Cantora fez desabafo durante o lançamento do single “Leilão”.

Paulo Henrique LimaRepórter do EM OFF

Junho, mês em que é celebrado o Orgulho LGBTQIA+, muitas empresas acabam levantando a bandeira e demonstrando apoio à comunidade. No entanto, uma marca ouviu sonoro “NÃO” após fazer oferta milionária para ter a cantora Gloria Groove em uma campanha que seria direcionada no período. A recusa se deu após a artista perceber que seria usada em uma jogada de marketing para limpar a imagem da tal empresa.
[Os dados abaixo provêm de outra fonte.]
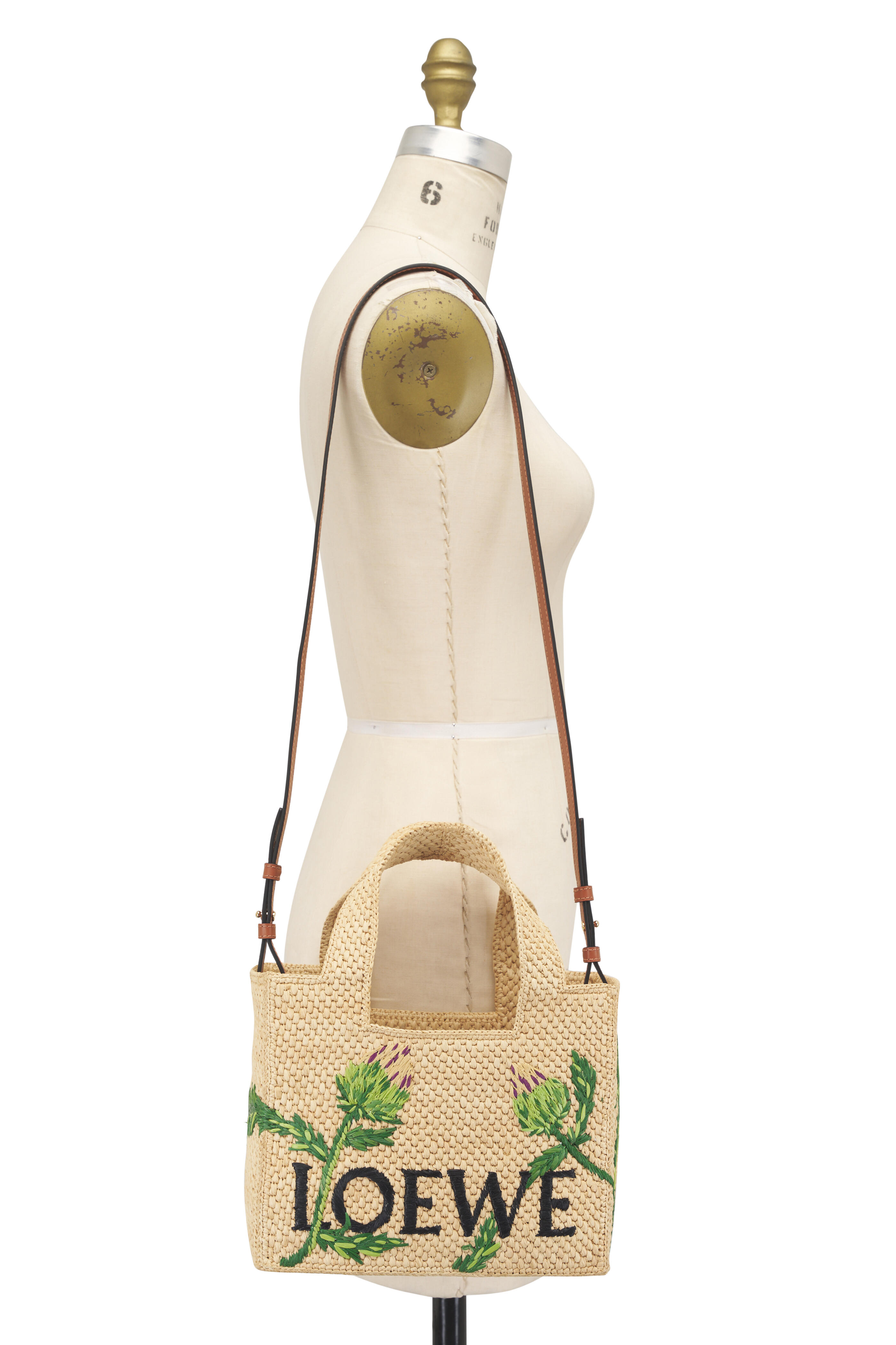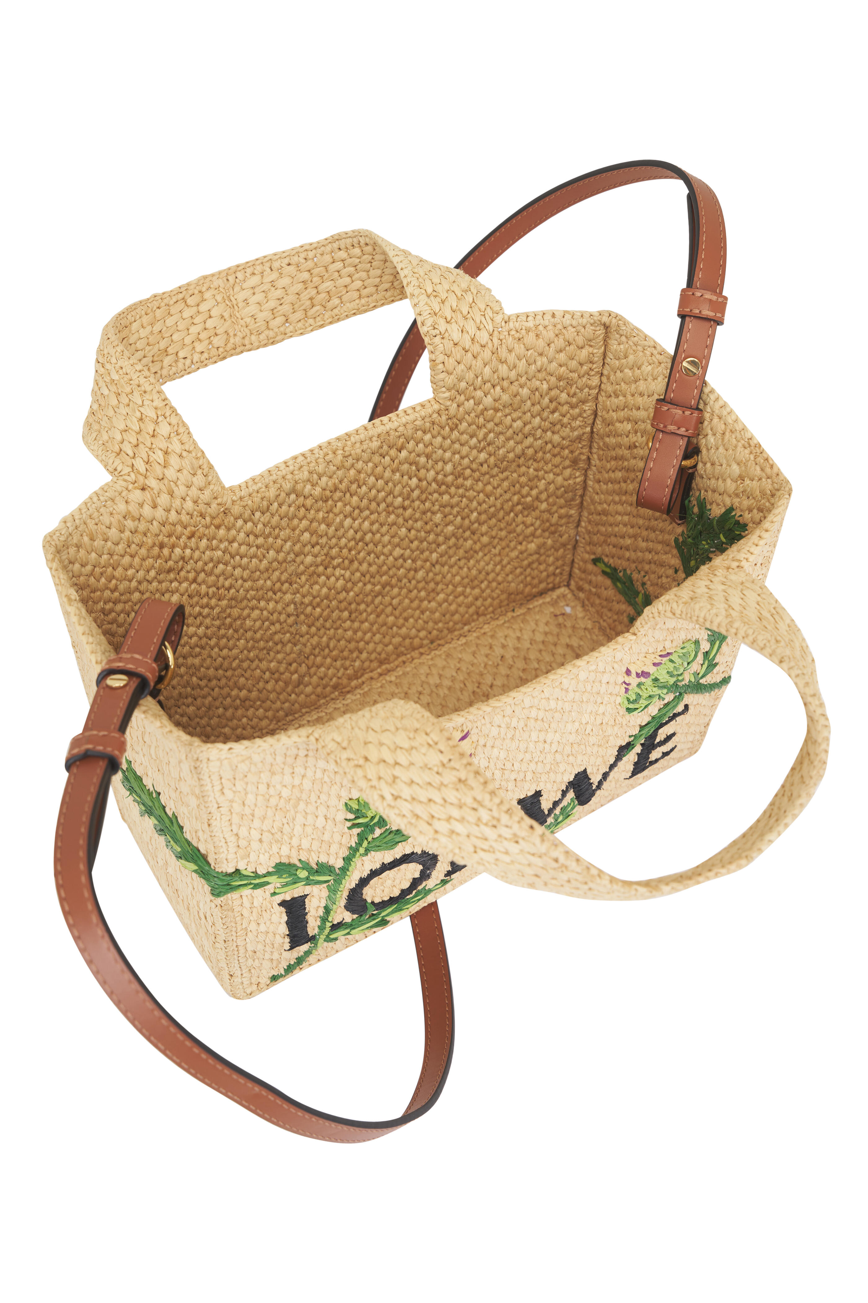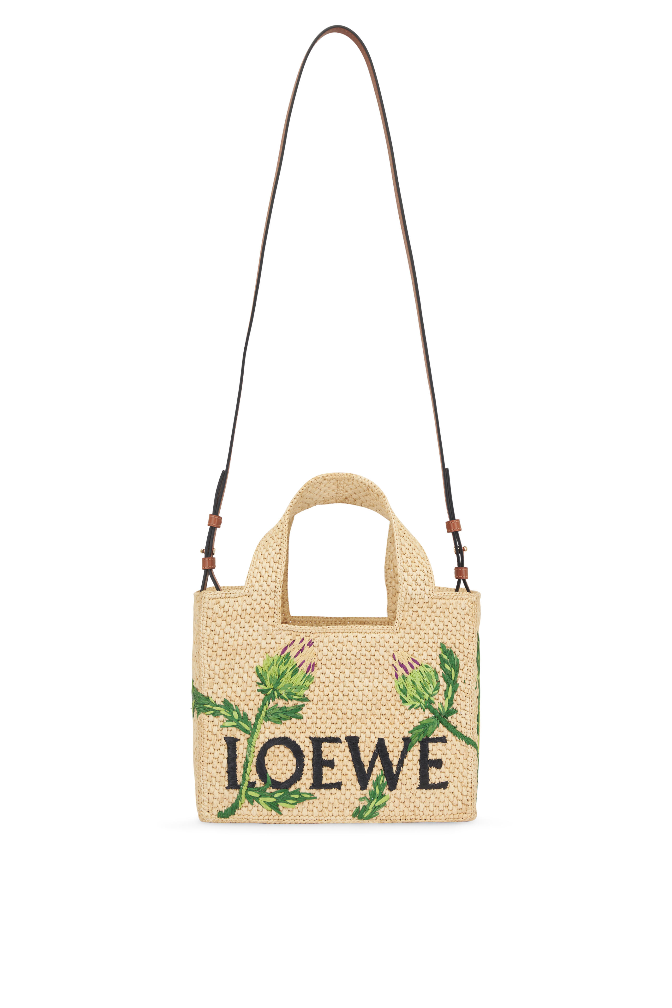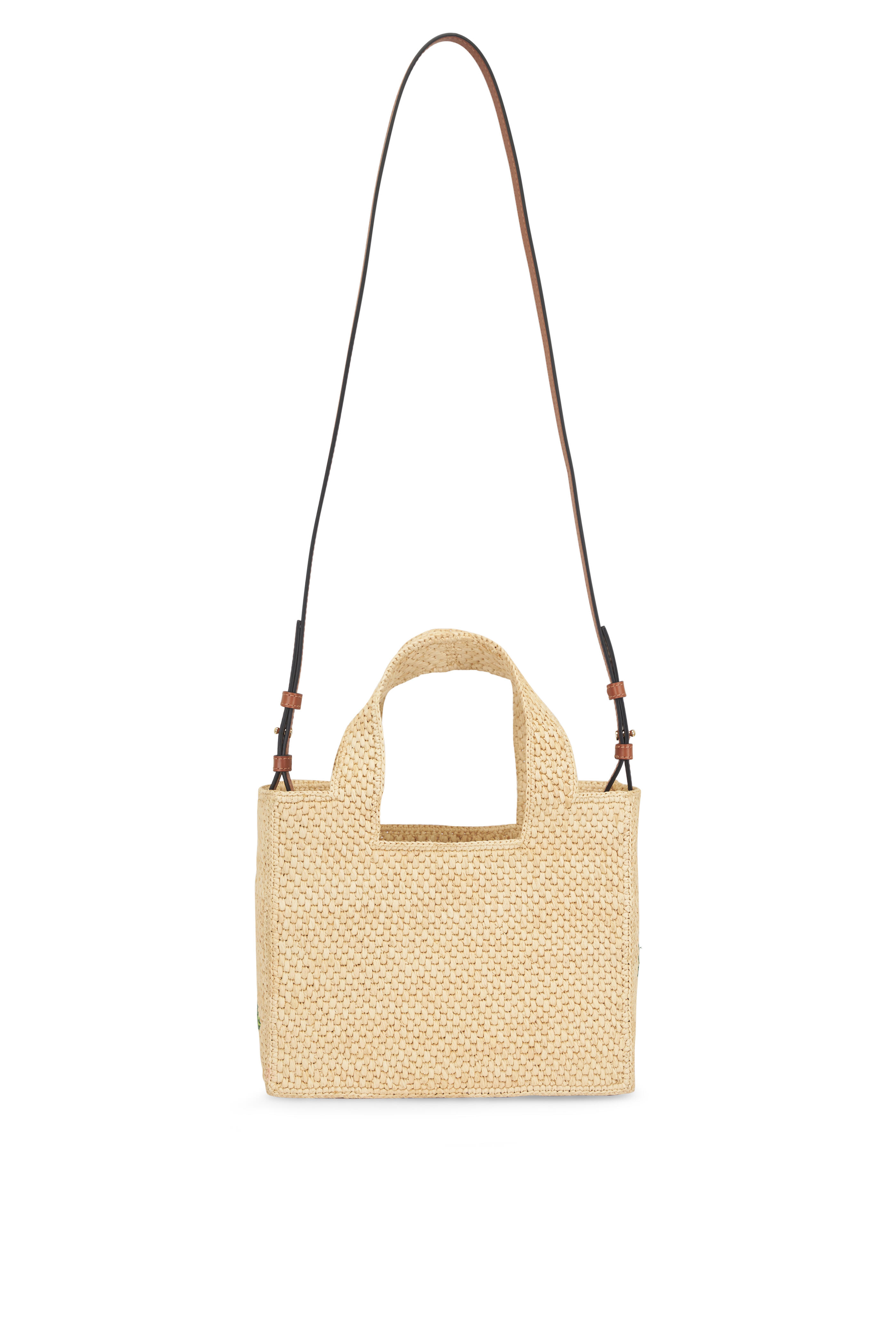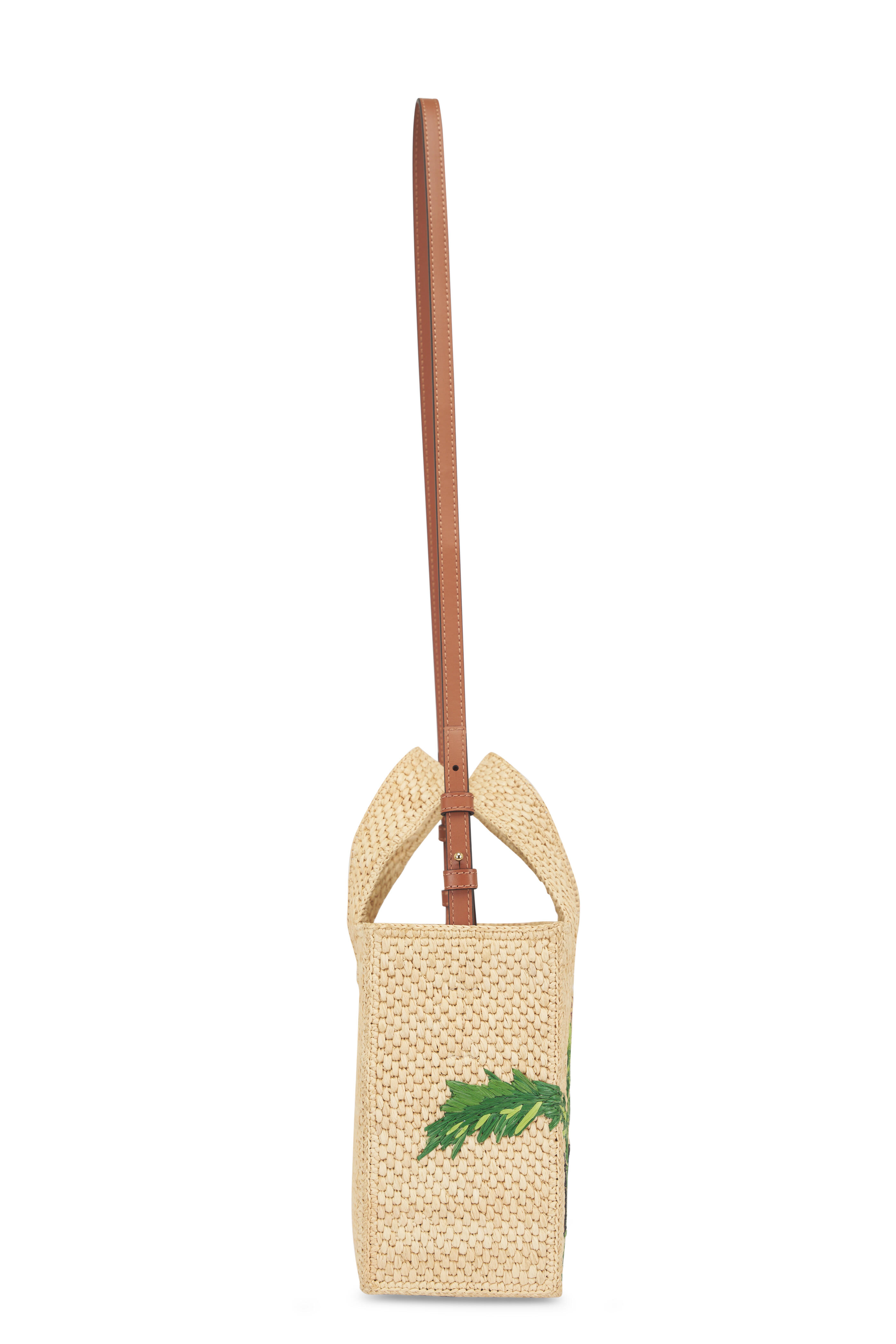 Embroidered raffia. Dual top handles. Detachable and adjustable strap. Unlined. Gold-tone hardware. Made in Madagascar. Height: 7.7". Width: 9.4". Depth: 4.3". Handle drop: 6.3". Strap length: 42.1" - 46.1". Strap drop: 20.5" - 22.4".

Em conversa com jornalistas durante o lançamento do single “Leilão”, o terceiro do segundo álbum de estúdio da drag queen intitulado “Lady Leste”, ela revelou que costuma pesquisar e selecionar bem suas propostas publicitárias. De acordo com a artista, sua luta contra a homofobia deve ocorrer sempre. “Não é só sacudir o saquinho de dinheiro”, disparou a famosa.

“Um coisa que fosse posicionada de uma forma completamente escrota, homofóbica ou qualquer outra problemática acerca de outra minoria, não. Eu entendi na hora que estavam querendo me contratar para poder passar um paninho. Esse não foi para que essa indústria entenda que a gente não tá aqui pra ficar abaixando as calças. Não é só sacudir o saquinho de dinheiro na minha cara que eu vou sair correndo”.

Gloria Groove também disse que “liga o botão do f*da-se” para ignorar críticas de haters e homofóbicos. A artista relatou que na infância, principalmente na escola, foi alvo de ataques de cunho preconceituoso. Quando iniciou a carreira como drag queen e cantora, a artista foi desacreditada de que um dia faria sucesso na indústria fonográfica brasileira.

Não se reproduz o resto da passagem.